What you are asked to do ->
Transcribe the data exactly. Pictures stay out.

Information shown ->

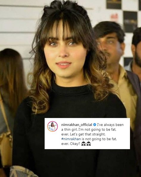 , Nimra wrote, “I’ve always been a thin girl. I’m not going to be fat, ever. Let’s get that straight. Nimra Khan is not going to be fat, ever. Okay?”
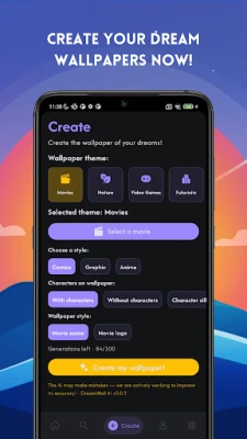 • Unlimited wallpaper creation – Unleash your imagination with original, fully customizable designs powered by advanced AI.
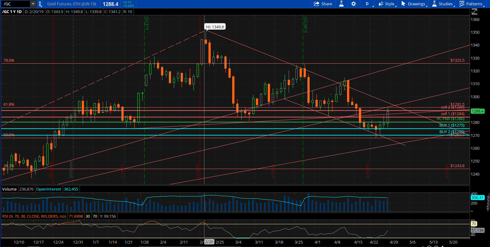If we review the movement of the algorithm, if you came into this past week short, covered at $1,268, reversed and went long with your first target at $1,281, you did well. A close above $1,281 activated the target of $1,290, which was completed on Friday. This shows the accuracy of the artificial intelligence underlying the VC PMI, which uses the relative implied volatility of the market to identify targets above and below the mean.

Result for this exercise ->
 , Nimra wrote, “I’ve always been a thin girl. I’m not going to be fat, ever. Let’s get that straight. Nimra Khan is not going to be fat, ever. Okay?”
 • Unlimited wallpaper creation – Unleash your imagination with original, fully customizable designs powered by advanced AI.
If we review the movement of the algorithm, if you came into this past week short, covered at $1,268, reversed and went long with your first target at $1,281, you did well. A close above $1,281 activated the target of $1,290, which was completed on Friday. This shows the accuracy of the artificial intelligence underlying the VC PMI, which uses the relative implied volatility of the market to identify targets above and below the mean.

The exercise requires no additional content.